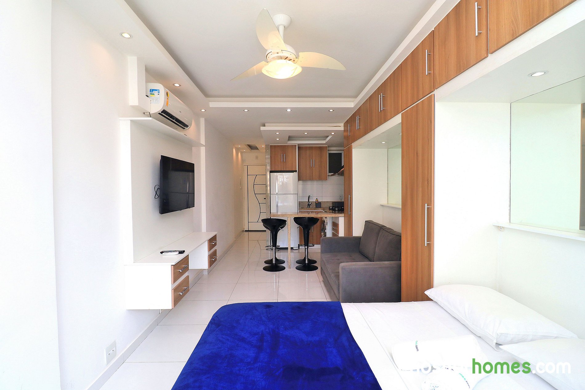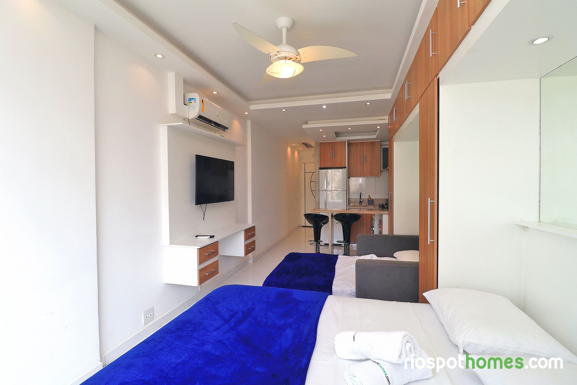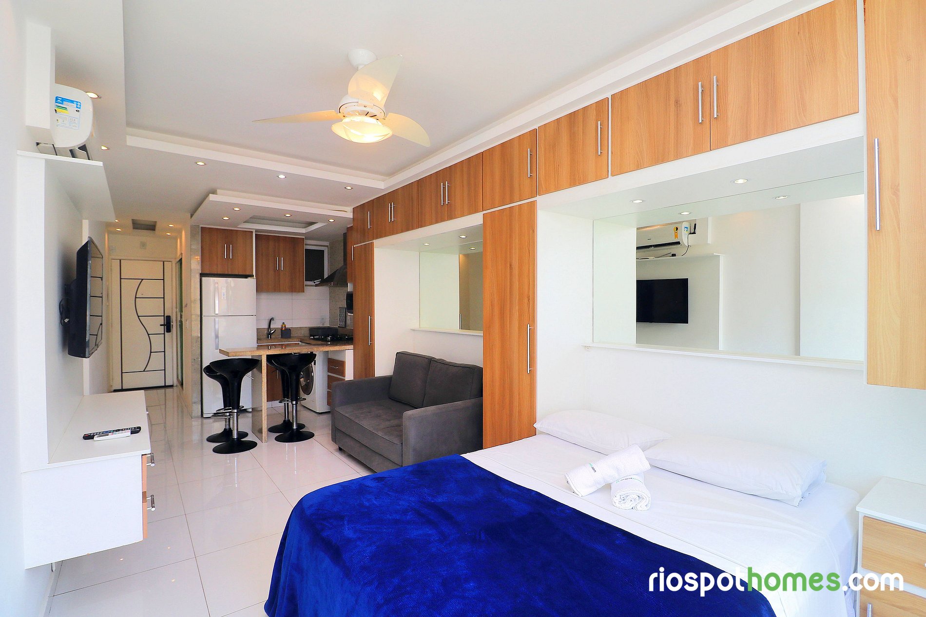 Este lindo apartamento para temporada tem uma área total de 32m² e está dividido em quarto, cozinha americana e banheiro. O quarto aconchegante possui uma cama de casal, sofá-cama, TV LCD, ar condicionado SPLIT, ventilador de teto e um guarda roupa embutido. A cozinha equipada com utensílios básicos, dispõe de uma máquina de lavar e secar, geladeira, microondas, fogão cooktop de 4 bocas e cafeteira.
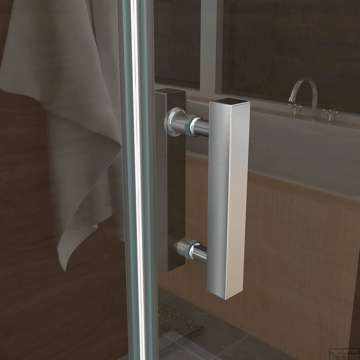 In de profielen zit 2 cm aan stelmogelijkheden. Een muur hoeft dus niet 100% haaks op de vloer te staan om deze douchecabine te kunnen plaatsen. De stabilisatiestang is gemaakt van verchroomd messing, een sterk materiaal dat voor goede stabiliteit zorgt.
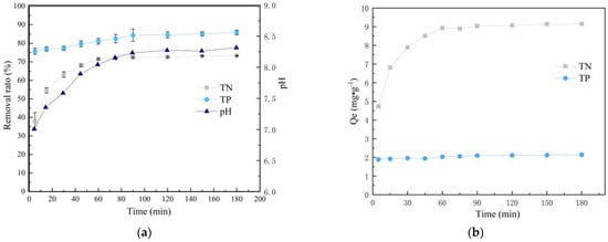 Effect of adsorption time on ammonium and phosphorus removal. (a) Change graph of removal rate with increasing contact time, (b) change graph of unit adsorption capacity with increasing contact time (CP0 = 10 mg/L; CN0 = 50 mg/L; pH = 7.0; T = 25 °C; adsorbent dosage = 4 g/L).
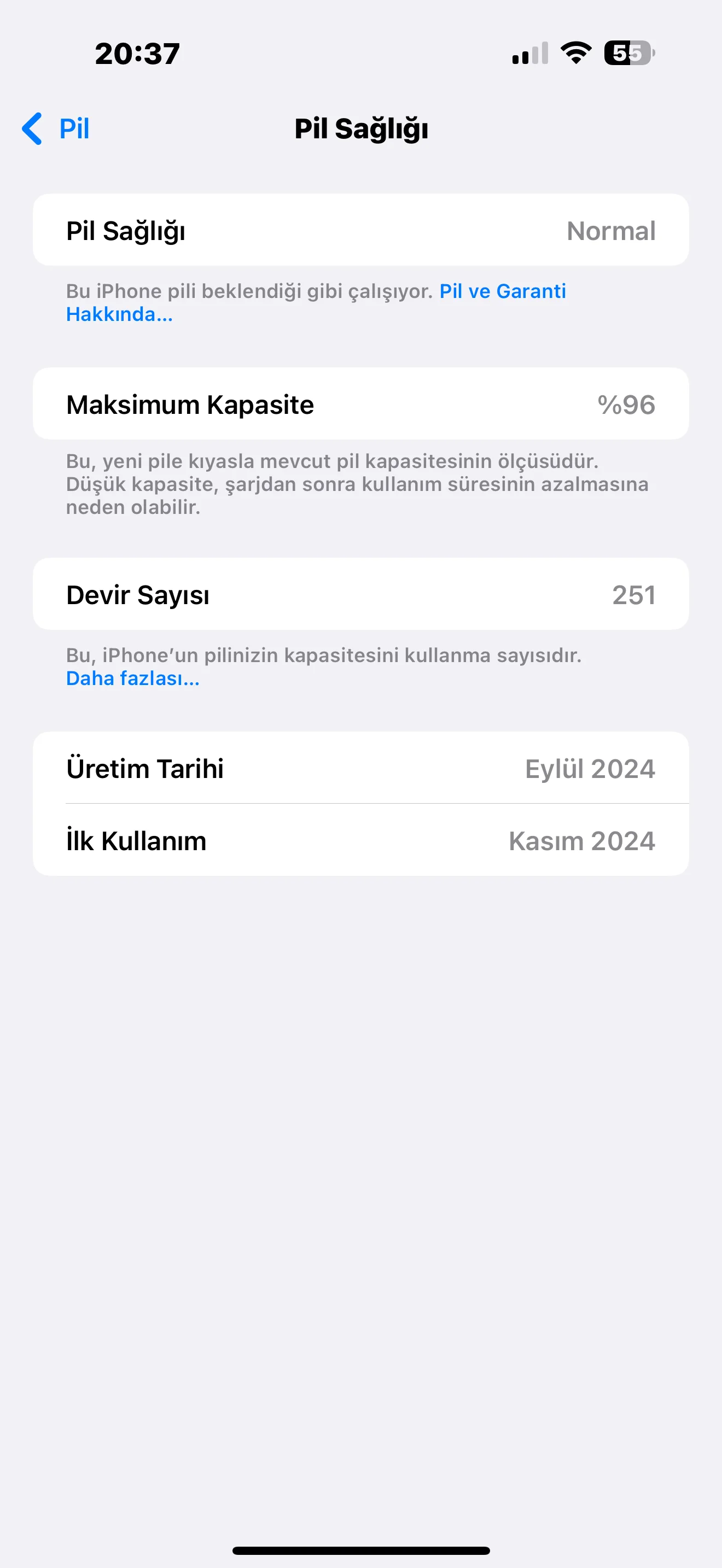garanti korumak istersen ben şu şekilde yapıyorum telefonu hiç 20 nin altına indirmemeye çalış güç tasaruf modunu açma bu kadar bazıları 20-80 arasında şarj edin diyor ama 100 olunca kafa daha rahat oluyor ben bu şekilde yapıyorum16 pro max ve pil sağlığı gördüğünüz gibi
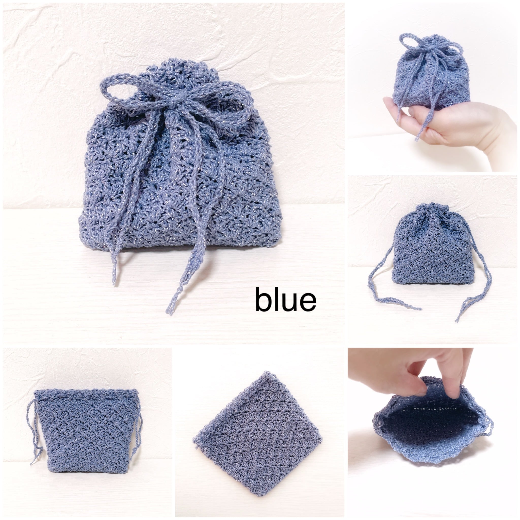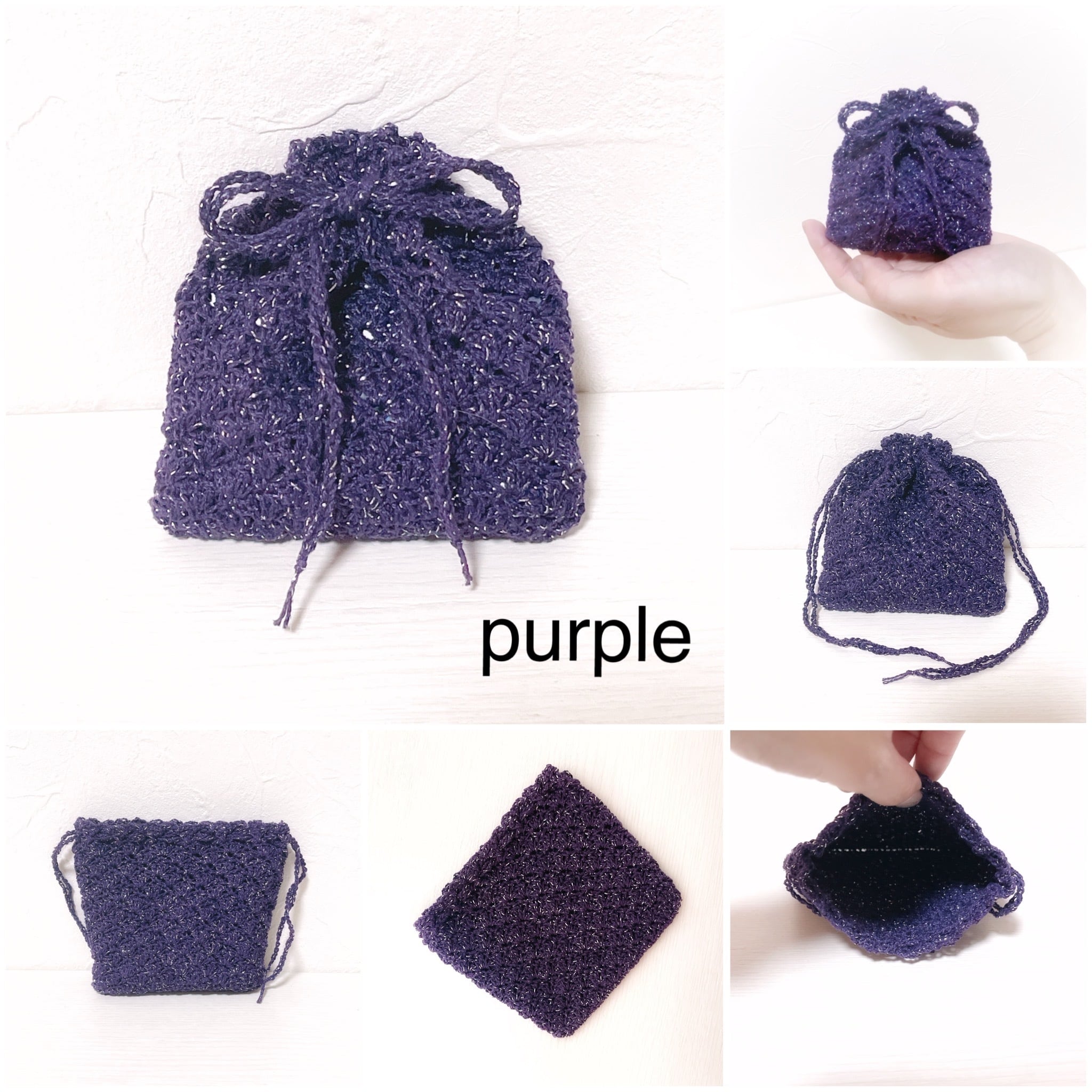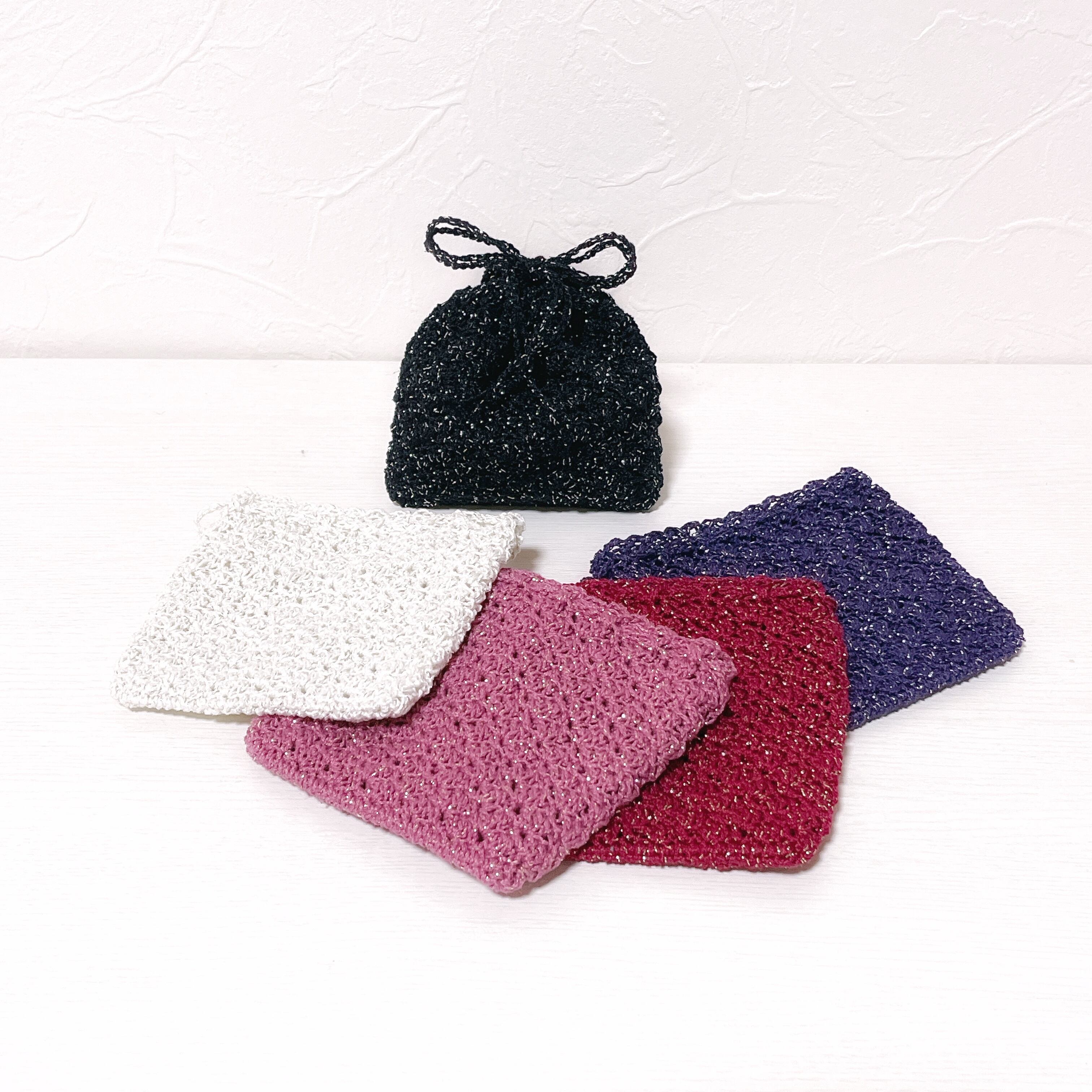 ラメがたっぷり入ったレース糸で編んだ巾着袋です。

━━━━━━━━━━━━━━━━━━━━

What to work on: Take the entries above and restate them word for word, minus their images.

Answer box:
 Este lindo apartamento para temporada tem uma área total de 32m² e está dividido em quarto, cozinha americana e banheiro. O quarto aconchegante possui uma cama de casal, sofá-cama, TV LCD, ar condicionado SPLIT, ventilador de teto e um guarda roupa embutido. A cozinha equipada com utensílios básicos, dispõe de uma máquina de lavar e secar, geladeira, microondas, fogão cooktop de 4 bocas e cafeteira.
 In de profielen zit 2 cm aan stelmogelijkheden. Een muur hoeft dus niet 100% haaks op de vloer te staan om deze douchecabine te kunnen plaatsen. De stabilisatiestang is gemaakt van verchroomd messing, een sterk materiaal dat voor goede stabiliteit zorgt.
 Effect of adsorption time on ammonium and phosphorus removal. (a) Change graph of removal rate with increasing contact time, (b) change graph of unit adsorption capacity with increasing contact time (CP0 = 10 mg/L; CN0 = 50 mg/L; pH = 7.0; T = 25 °C; adsorbent dosage = 4 g/L).
garanti korumak istersen ben şu şekilde yapıyorum telefonu hiç 20 nin altına indirmemeye çalış güç tasaruf modunu açma bu kadar bazıları 20-80 arasında şarj edin diyor ama 100 olunca kafa daha rahat oluyor ben bu şekilde yapıyorum16 pro max ve pil sağlığı gördüğünüz gibi
 ラメがたっぷり入ったレース糸で編んだ巾着袋です。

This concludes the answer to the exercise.